Download as pdf or txt
Download as pdf or txt
You are on page 1of 2

PANTALEON V. AMERICAN EXPRESS INTERNATIONAL, INC.

GR. NO. 174269, MAY 8, 2009


PONENTE: JUSTICE TINGA
PREPARED BY: AZIS, JOHAMIL L.
SAN BEDA UNIVERSITY COLLEGE OF LAW
ACADEMIC YEAR 20-21

FACTS:

The petitioner, Polo Pantaleon, together with her family, joined an escorted tour of Western Europe
in October of 1991. During the last day of the tour, they arrived at the Coster Diamond House at
8:50 in the morning. The group had agreed to leave Coster by 9:30 to allow enough time take in a
guided tour of Amsterdam. Mrs. Pantaleon bought a 2.5 karat diamond, a penchant and a chain.
She used her American Express credit card to pay for her purchases. 10 minutes later, the store
clerk informed her that her AmEx card had not yet been approved. As it was already 9:40 am, Mr.
Pantaleon was already worried about further inconveniencing the tour group, Pantaleon asked the
store clerk to cancel the sale. The store manager though asked plaintiff to wait a few more minutes.

At around 10:00 am or 30 minutes after the tour group was supposed to have left the store, Coster
decided to release the items even without respondent’s approval of the purchase. The spouses
Pantaleon returned to the bus. It is alleged that their offers of apology were met by their tour mates
with stony silence. The tour group’s visible irritation was aggravated when the tour guide
announced that the city tour of Amsterdam was to be canceled due to lack of remaining time, as
they had to catch a 3:00 p.m. ferry at Calais, Belgium to London. Mrs. Pantaleon ended up
weeping, while her husband had to take a tranquilizer to calm his nerves.

After coming back to Manila, Pantaleon sent a letter through counsel to the respondent, demanding
an apology for the "inconvenience, humiliation and embarrassment he and his family thereby
suffered" for respondent’s refusal to provide credit authorization for the aforementioned
purchases.

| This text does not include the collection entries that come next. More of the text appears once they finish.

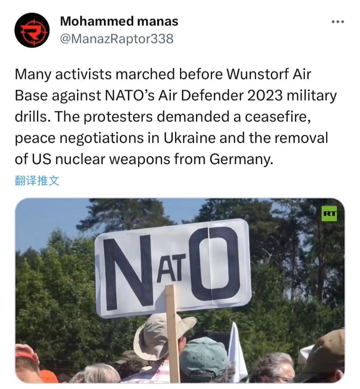 北約正在德國(guó)等地舉行成立以來規(guī)模最大的空中軍事演習(xí),為期長(zhǎng)達(dá)11天,25個(gè)國(guó)家約1萬名軍人和250架各型軍機(jī)參加。接連三天,德國(guó)多地舉行抗議活動(dòng),批評(píng)以美國(guó)為首的北約通過輸出軍援、大規(guī)模軍演來持續(xù)“拱火”俄烏沖突。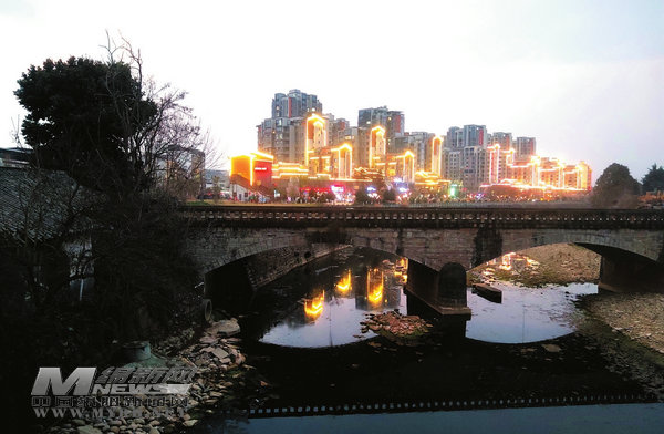 冷清的大橋身后,燈火映照著現(xiàn)代小鎮(zhèn)的繁榮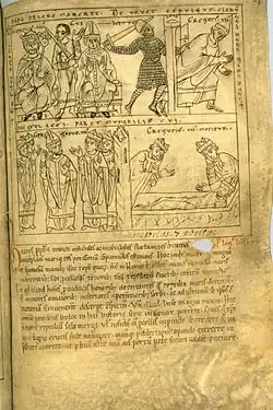 Schon bald nach der Beilegung des Konflikts im sogenannten „Wormser Konkordat“ von 1122 (in dem sich der Kaiser dazu bereit erklärte, auf die Investitur mit Ring und Stab zu verzichten).[10] und der innerkirchlichen Anerkennung des Friedensabkommens auf der Fastensynode vom März 1123 bedienten sich einige zeitgenössische Autoren, darunter auch der englische Geschichtsschreiber Wilhelm von Malmesbury († um 1143), des heute noch gebräuchlichen Begriffs „Investiturstreit“ (investiturae controversia), um die gerade erst beendete Kontroverse zwischen Sacerdotium und Imperium zu beschreiben.[23] Damit „rückten [sie] das Investiturproblem als den gesamten Konflikt dominierend in Vordergrund“,[24] obgleich der Investiturfrage im Streit zwischen Kaisertum und Papsttum erst in einer späten Phase des Streits eine besondere Bedeutung zugekommen war.[25] und Papst „Calixt II. […] eine andere Deutung fixiert sehen [wollte]“.[26]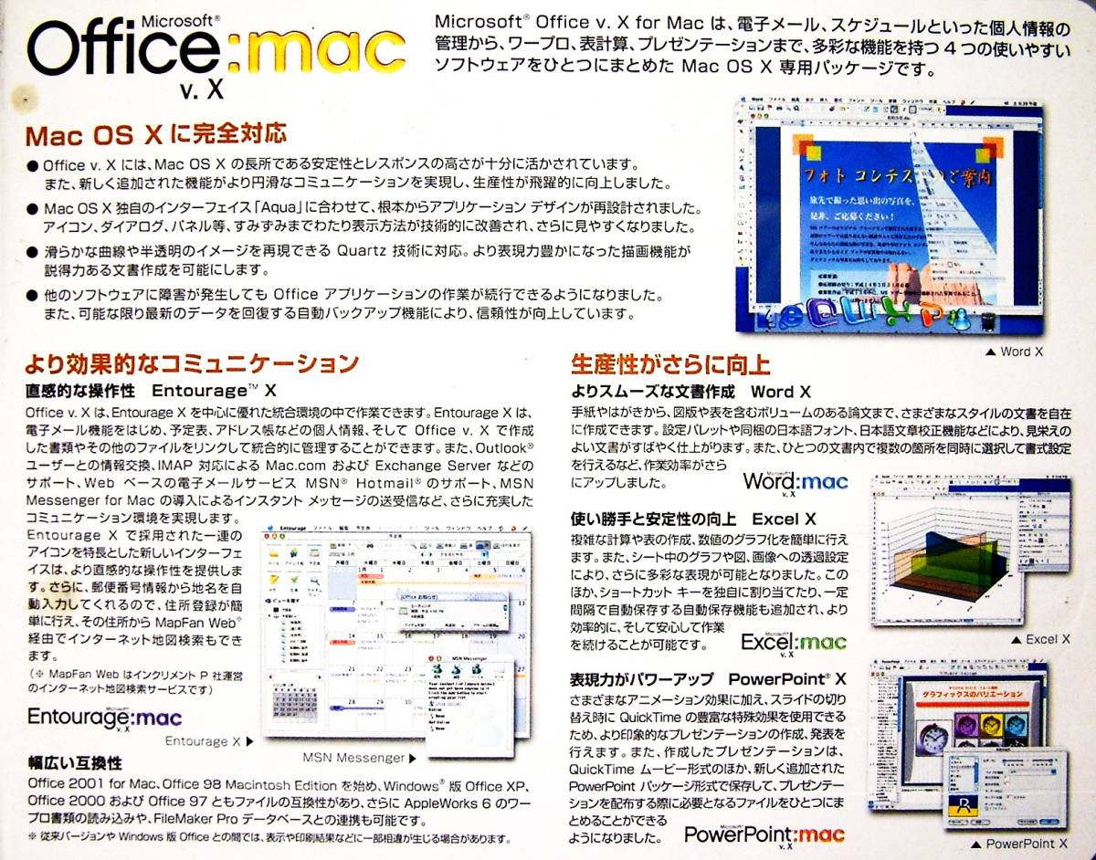 【3828】 Microsoft Office:mac v.X 未開封品 マイクロソフト オフィス Word Excel PowerPoint Entourage エクセル ワード アントラージュ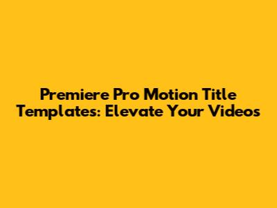 Premiere Pro Motion Title Templates: Elevate Your Videos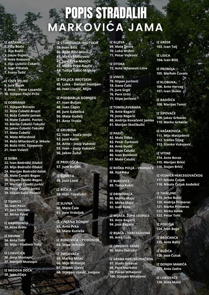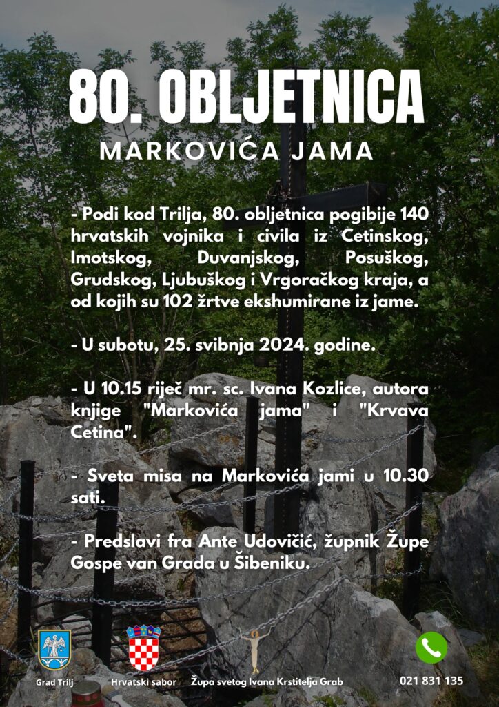 U subotu, 25. svibnja 2024. godine, u mjestu Podi pokraj Trilja, na Markovića jami obilježit će se, pod pokroviteljstvom Hrvatskog sabora, 80. obljetnica pogibije 140 pripadnika hrvatske vojske i civila krajem svibnja 1944. godine. Ubijeni hrvatski vojnici podrijetlom su iz cetinskog, imotskog, duvanjskog, posuškog, grudskog, ljubuškog, vrgoračkog kraja.

The aggrieved cardholder instituted an action for damages with the RTC. Pantaleon
prayed that he be awarded ₱2,000,000.00, as moral damages; ₱500,000.00, as exemplary damages;
₱100,000.00, as attorney’s fees; and ₱50,000.00 as litigation expenses.

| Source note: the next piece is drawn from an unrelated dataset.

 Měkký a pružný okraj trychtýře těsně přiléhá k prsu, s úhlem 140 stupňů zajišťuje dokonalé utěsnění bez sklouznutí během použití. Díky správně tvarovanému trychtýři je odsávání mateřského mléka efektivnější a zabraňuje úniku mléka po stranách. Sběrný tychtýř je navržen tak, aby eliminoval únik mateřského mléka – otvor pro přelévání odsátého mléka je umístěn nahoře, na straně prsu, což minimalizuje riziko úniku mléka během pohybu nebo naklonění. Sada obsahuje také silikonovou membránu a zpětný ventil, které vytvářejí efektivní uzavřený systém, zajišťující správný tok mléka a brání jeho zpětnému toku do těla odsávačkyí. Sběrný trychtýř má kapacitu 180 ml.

ISSUE: Whether the respondent had committed a breach of its obligations to Pantaleon.

HELD:

The RTC had concluded, based on the testimonial representations of Pantaleon and respondent’s
credit authorizer, Edgardo Jaurigue, that the normal approval time for purchases was "a matter of
seconds." Based on that standard, respondent had been in clear delay with respect to the three
subject transactions. As it appears, the Court of Appeals conceded that there had been delay on the
part of respondent in approving the purchases. The SC agrees with the findings of the trial court,
for it amply established that the tardiness on the part of respondent in acting on petitioner’s
purchase at Coster did constitute culpable delay on its part in complying with its obligation to act
promptly on its customer’s purchase request. The Court recognizes that respondent has the right,
if not the obligation, to verify whether the credit it is extending upon on a particular purchase was
indeed contracted by the cardholder, and that the cardholder is within his means to make such
transaction. The culpable failure of respondent herein is not the failure to timely approve
petitioner’s purchase, but the more elemental failure to timely act on the same, whether favorably
or unfavorably. Even assuming that respondent’s credit authorizers did not have sufficient basis
on hand to make a judgment, we see no reason why respondent could not have promptly informed
petitioner the reason for the delay, and duly advised him that resolving the same could take some
time. In that way, petitioner would have had informed basis on whether or not to pursue the
transaction at Coster, given the attending circumstances. Instead, petitioner was left uncomfortably
dangling in the chilly autumn winds in a foreign land and soon forced to confront the wrath of
foreign folk. It should be emphasized that the reason why petitioner is entitled to damages is not
simply because respondent incurred delay, but because the delay, for which culpability lies under
Article 1170, led to the particular injuries under Article 2217 of the Civil Code for which moral
damages are remunerative.26 Moral damages do not avail to soothe the plaints of the simply
impatient, so this decision should not be cause for relief for those who time the length of their
credit card transactions with a stopwatch. The somewhat unusual attending circumstances to the
purchase at Coster – that there was a deadline for the completion of that purchase by petitioner
before any delay would redound to the injury of his several traveling companions – gave rise to
the moral shock, mental anguish, serious anxiety, wounded feelings and social humiliation
sustained by the petitioner, as concluded by the RTC.27 Those circumstances are fairly unusual,
and should not give rise to a general entitlement for damages under a more mundane set of facts.